No EJK cases linked to drug gangs, says Human Rights Watch
MANILA, Philippines — An international human rights group on Tuesday described as “specious, self-serving and utterly without basis” President Rodrigo Duterte’s assertion that most cases of extrajudicial killings (EJK) during his term were carried out by vigilantes and gangs.
According to Human Rights Watch (HRW), no EJK incidents have ever been linked to drug syndicates since the government launched its war on drugs in 2016, adding that in contrast, it has been “credibly established” that police and local authorities were often behind most of the cases.
In many of these incidents, “police routinely [manufactured] evidence, by planting drugs and weapons on dead suspects at the scene of the alleged crime, to justify their claim that the suspects had fought back,” said HRW deputy Asia director Phil Robertson.
“Moreover, the police and the Philippine Drug Enforcement Agency (PDEA) admit that they have killed nearly 6,000 in these antidrug operations but have no investigations to show in virtually all these cases,” he added. “Once again, Duterte is manufacturing a story or ‘fake news,’ to use the moniker he likes to use, to divert attention from killers in the ranks of the police to so-called drug syndicates.”
In a televised speech on Monday night, the President blamed EJKs on turf wars between warring drug syndicates, stressing that the government had nothing to do with it.
“Many are saying that I don’t follow the rule of law and I had killed many. I didn’t kill anyone,” he said, adding that he had never ordered people killed.

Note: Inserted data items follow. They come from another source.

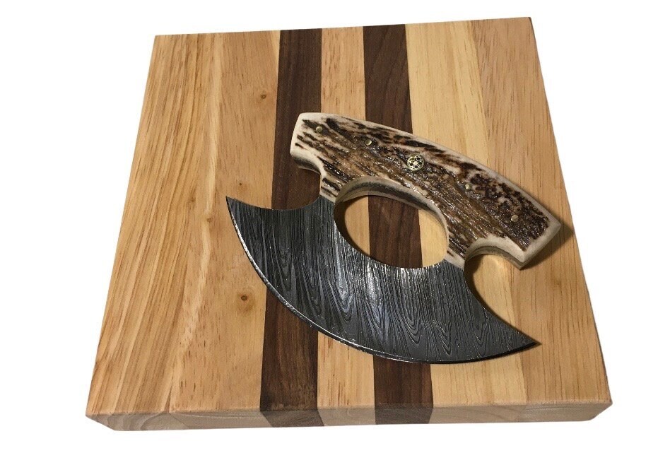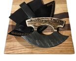 Medium Stag Handle Wood Handle Ulu Knife 5" Damascus Blade Bowl Leather Sheath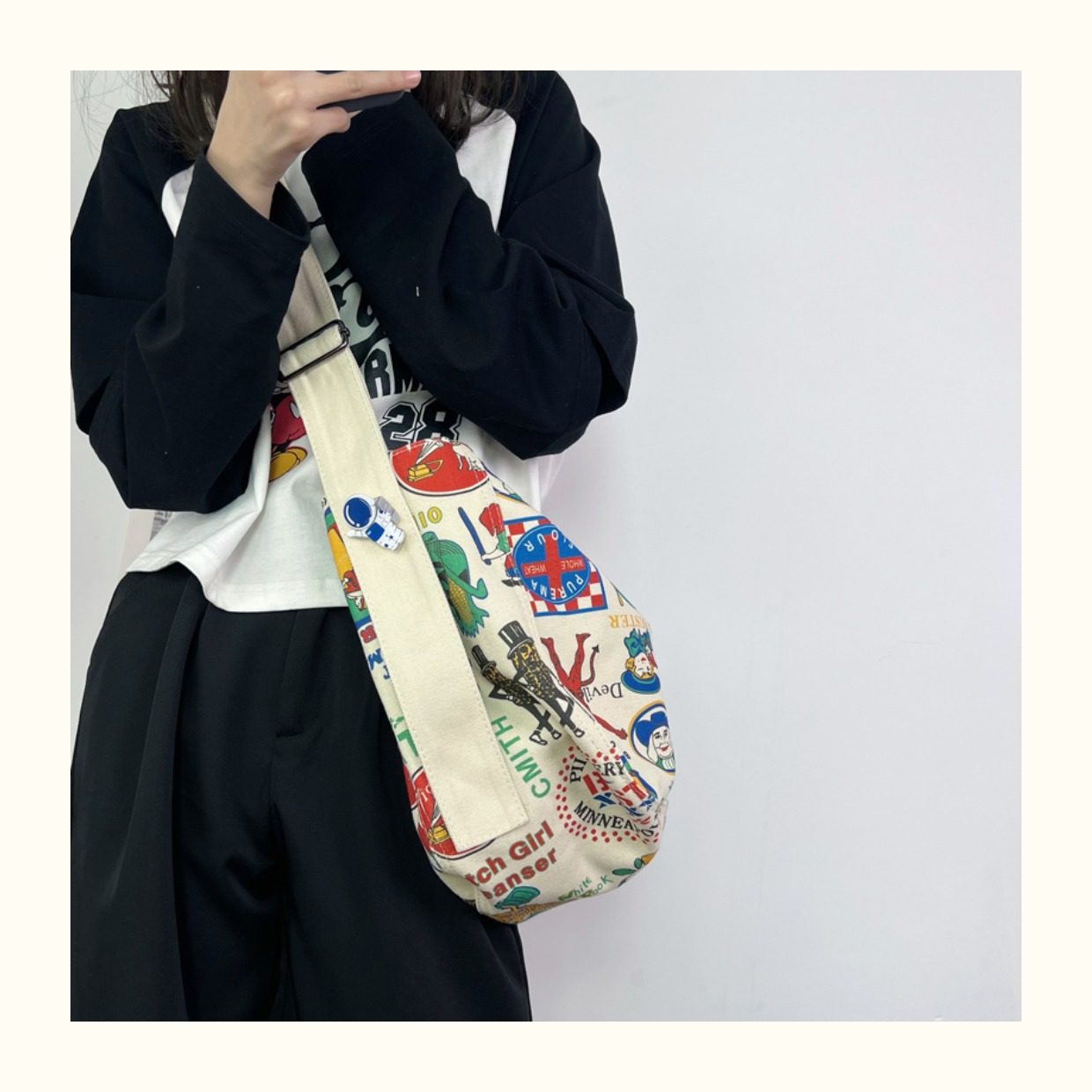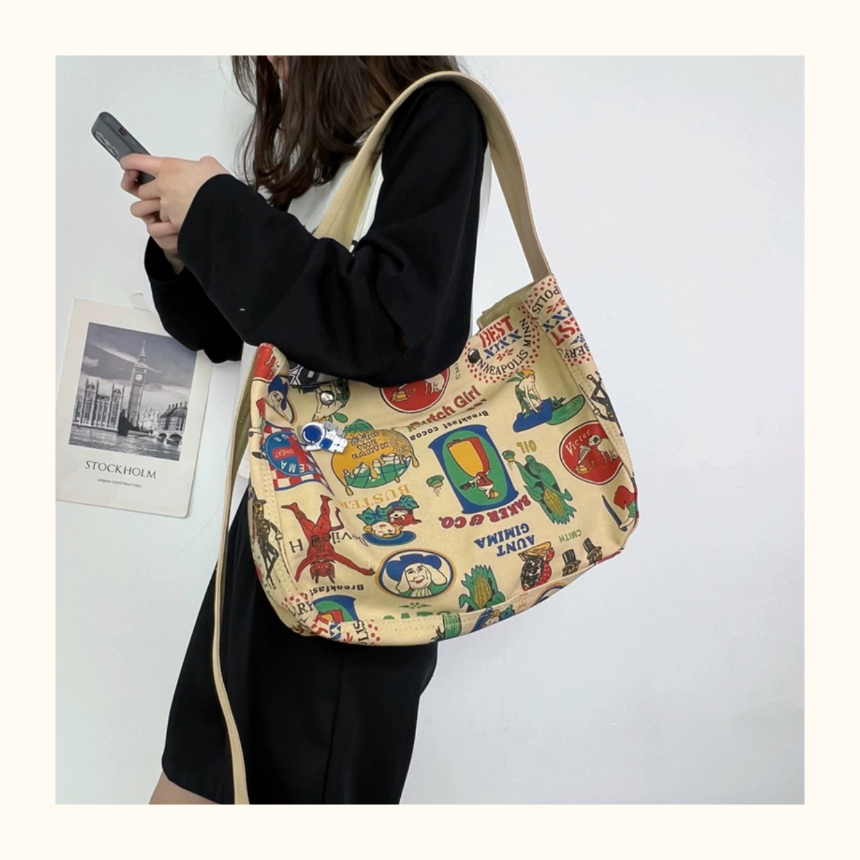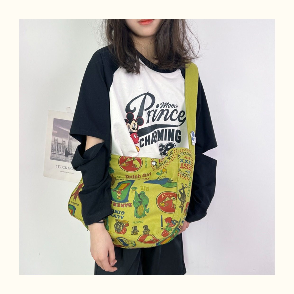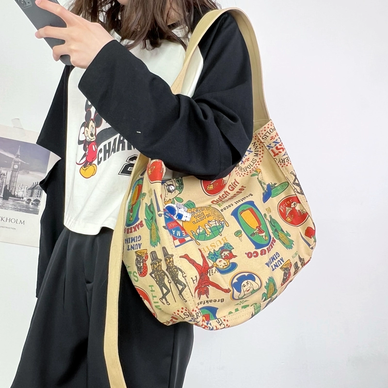 One-shoulder canvas bag women’s large-capacity ins Korean style Japanese literature and art summer minority college students commuting Messenger bag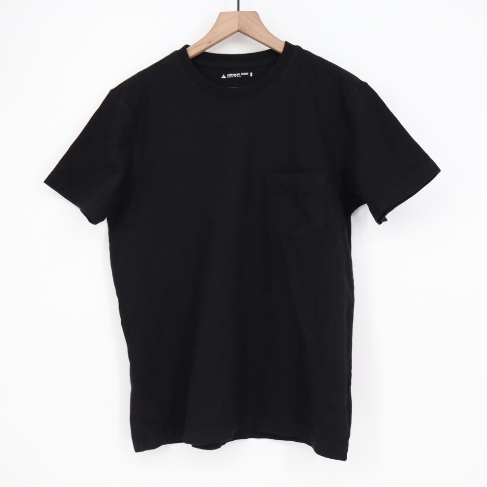 The American Giant T-Shirt is a classic black cotton crew neck short sleeve shirt designed for men in size small. This outdoor-themed shirt features a solid pattern with a logo accent, making it a versatile option for summer, fall, and spring seasons. Easy to care for with machine washable instructions, this breathable shirt also includes a pocket detail and is made in the United States by the brand American Giant. Perfect for a casual and comfortable look, this T-shirt is a timeless addition to any wardrobe. Measurements: * Chest: 20 in * Length: 26 in Department: Mens Style: T-Shirt Type: T-Shirt Pattern: Solid Performance/Activity: Casual, Active Features: Comfort, Easy Care Occasion: Casual Length: 26 in Closure: Pullover Chest: 20 in Keywords: American Giant , Casual, Comfortable, Pullover, Cotton, Active, Everyday Wear, Easy Care. All orders are shipped the same business day or the next business day. Thank you for supporting my small business.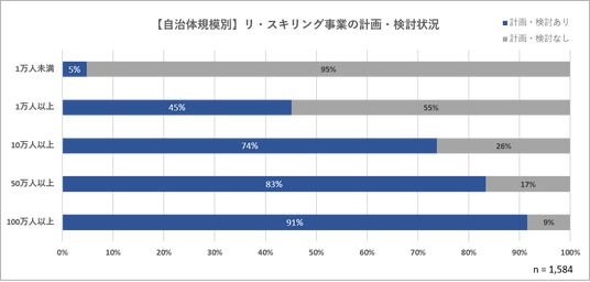 自治体の人口規模別に見ると、人口100万人以上では90%以上、50万人以上では80%以上、10万人以上では70%以上なのに対し、人口1万人未満の自治体では、わずか5%にとどまりました。人口規模が大きいほど、リ・スキリング事業を企画あるいは検討している自治体が多いことが分かりました。【図2参照】

The President’s claim was backed by the Philippine National Police whose spokesperson said that warring drug syndicates were known to “kill each other.”
“You know a drug cartel is composed of people who will protect their king, who will protect their interest, who will protect their information, because it’s illegal. They are an organized crime. There is honor among thieves. Now, if their honor is violated, what is the consequence? They kill each other,“ Col. Ysmael Yu, the PNP spokesperson, told the Inquirer.
He added that other drug syndicates “base their transaction on word of honor and if they don’t comply with what was agreed upon, the killings happen.”
At times, the killings were due to disputes over territory, Yu said.
He insisted that the alleged EJKs in the drug war were not state-sponsored.
“We follow the rule of law—the PNP operational procedure and rules of engagement and, of course, respect for human rights,” Yu said.
The PDEA said that as of Aug. 31, there were 5,856 suspects killed in the drug war that started on July 1, 2016.